About the IPO: *shrugs* it's something companies do when they need more money. Something like Groupon needs to be huge to be secure. There's not much point expecting massive profits from something like that in the first few years. Itzhak's Shoe Emporium can make a certain amount of money whether it's big or small; a friendly, local, neighbourhood Groupon just wouldn't work.
Except it CAN'T succeed if it gets huge because it will destroy the very small/med sized business that it depends on.

---------------------------
Groupon Is a Straight-Up Ponzi Scheme

I would love to be wrong about this. Especially given the fallout in the tech economy if Groupon blows up. But isn’t it really pretty obvious that Groupon is a massive Ponzi scheme?

Let me first say that Groupon filing to go public is not proof of a tech bubble. There is no tech bubble, just a micro bubble here or there. Nor is the Groupon story even particularly interesting or important compared to what’s happening in Europe right now. But since it has filed for IPO and since all of us in the tech economy now must spend the next years hearing the breathless gossip, IPO hysteria, and requisite recriminations over the inevitable implosion — let us briefly examine the tulip mania that is Groupon.

Why is Groupon not merely a tech-bubble datum but a Ponzi scheme? Simple: Groupon has found that you can get local merchants to try anything once if it brings them new customers. A few local merchants in Chicago get them started, and Groupon shows good revenues. In fact, Groupon immediately remits half of those “revenues” back to the local merchant — they were never Groupon revenues in any meaningful sense of the word. But, optically, Groupon revenues look high — which they use to raise a financing round at a high valuation. Then they use the proceeds to hire vast armies of salespeople to dig deeper into Chicago’s local merchant community and repeat the trick in other cities.

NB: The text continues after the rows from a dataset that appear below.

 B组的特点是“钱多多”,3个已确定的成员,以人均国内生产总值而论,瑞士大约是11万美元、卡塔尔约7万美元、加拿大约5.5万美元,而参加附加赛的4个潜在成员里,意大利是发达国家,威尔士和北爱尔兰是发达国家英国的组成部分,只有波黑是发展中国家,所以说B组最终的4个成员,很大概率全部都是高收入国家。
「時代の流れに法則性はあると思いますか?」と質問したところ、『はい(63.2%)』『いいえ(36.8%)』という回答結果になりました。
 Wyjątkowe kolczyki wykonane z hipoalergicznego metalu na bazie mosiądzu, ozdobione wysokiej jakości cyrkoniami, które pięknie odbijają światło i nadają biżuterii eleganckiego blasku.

Meanwhile, many early-adopting merchants find that the burst in customers immediately disappears, and since they can’t perpetually discount 75%, those merchants stop using Groupon. But Groupon’s sales force adds many more new merchants than it loses (for now). And Groupon goes out and raises another round at an even higher valuation; they hire even more salespeople and expand into even more virgin territory. Lather, rinse, repeat.

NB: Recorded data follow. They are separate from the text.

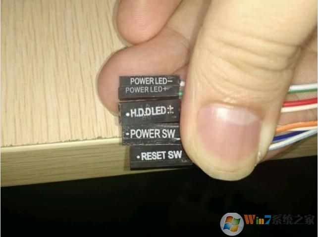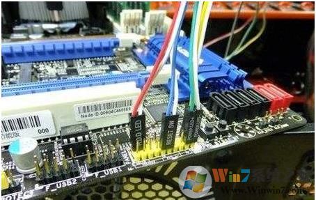 机箱上过来的线,电源和重启线不分正负极,指示灯线 (有颜色正极,白色负极)对应板上的正负两个引脚;
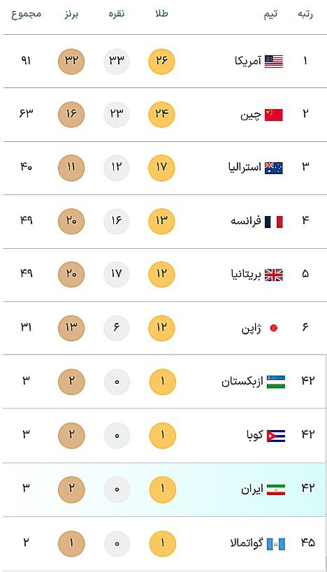 بازیهای المپیک پاریس| ایران در رده 42، آمریکا در صدر+جدول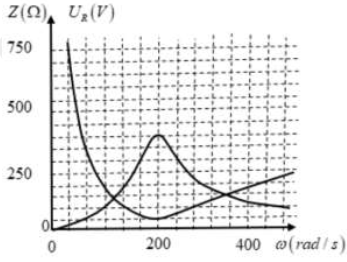 + Tại ${{\omega }_{0}}=200rad\text{/}s$ mạch xảy ra cộng hưởng ${{Z}_{L0}}={{Z}_{C0}}$ và $\left\{ \begin{array}{*{35}{l}}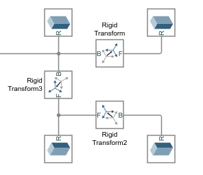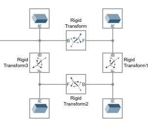 Блок «Жесткое преобразование» представляет фиксированную пространственную взаимосвязь между двумя кадрами. При каждом добавлении блока «Жесткое преобразование» к линии соединения рамы взаимосвязь совпадения, первоначально заданная этой линией, заменяется вращательным и поступательным смещением, заданным в диалоговом окне блока.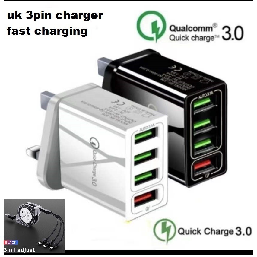 QC 3.0 Quick Fast Charge Adapter 30w UK Plug Mobile Universal Power Charger USB Power Adapter 3 Ports / 4 Ports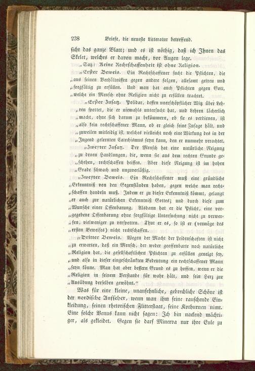 „Dritter Beweis. Wegen der Macht der Leidenschaften ist nicht„zu erwarten, daß ein Mensch, der weder geoffenbarte noch natürliche„Religion hat, die gesellschaftlichen Pflichten zu erfüllen geneigt sey,„und also in dieser eingeschränkten Bedeutung ein rechtschaffener Manu„seyn könne. Man hat aber bessern Grund es zu hoffen, wenn er die„Religion in seinem Verstände für wahr hält, und sein Herz zur„Ausübung derselben gewöhnt."

The model is only sustainable if it pays off for local merchants — and to justify Groupon’s current size, it now must pay off for local merchants ubiquitously and flamboyantly. If not, Groupon is mostly a Ponzi scheme.

Groupon argues that it helps merchants attract new customers who become loyal patrons, and that pays for the expense of winning them via Groupon. This is the fundamental argument Groupon’s sales force uses to close local merchants. Let’s get past the sales speak to what this really means. The typical Groupon “deal” is 50 percent off retail, with half of the proceeds going to Groupon. So the merchant gets 25 percent of the revenue s/he would have received if the same number of customers had arrived via walk-in traffic. Except that all that Groupon revenue is unprofitable — so more and more Groupon revenue is actually bad.

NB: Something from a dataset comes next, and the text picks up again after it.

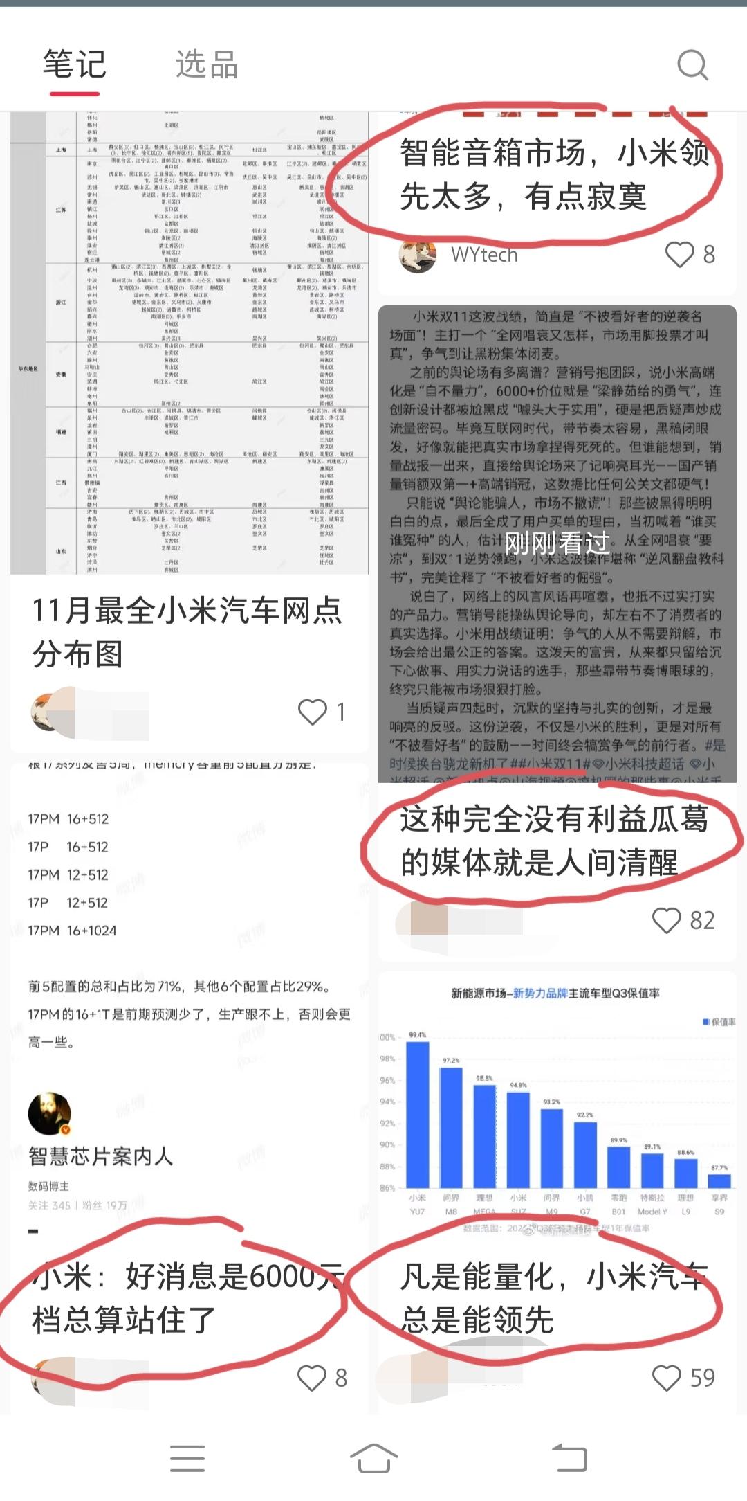 某书上的一个账号,粉丝3000+,主页里面说的都是小米的事情,就是截取各大平台上关于小米的文章,当然,截取的都是说小米很优秀的那种文章。比如说: “凡是能量化的,小米汽车总是能领先”。 “不出所料,小米汽车连续两个月领跑蔚小理”。 “有点夸张,6000+小米手机卖爆了”。 “智能音箱市场,小米领先太多,有点寂寞”。 不知道这样的账号在各大平台有多少,有没有1000+?

The vast majority of local merchants can’t discount more than 10 percent. Some can go maybe 25 percent in special situations. But 75 percent is a wholly unsustainable number. If all local merchants begin using Groupon then it can’t send loyal customers to anyone; Groupon can only send discount chasers to merchants. Which means that as Groupon grows, both local merchants and their competitors will find that Groupon’s main argument no longer works (if it ever did) — Groupon simply can’t send them loyal new business. So they all stop using Groupon in its current form.

Perhaps Groupon management thinks it is creating a sustainable Prisoner’s Dilemma, one that ultimately destroys value for the local merchant ecosystem but benefits Groupon. In other words, Groupon could grow so big that local merchants have to use it, even though it ultimately hurts them. In game theory terms, Groupon creates an equilibrium point at “All Local Merchants Defect,” and then, having forced merchants into this value-destroying equilibrium, takes a cut for having rigged the game. Obviously, Groupon couldn’t share this thinking publicly. They would just continue to use the attract-loyal-new-customers argument even though it no longer makes any sense for a ginormous Groupon.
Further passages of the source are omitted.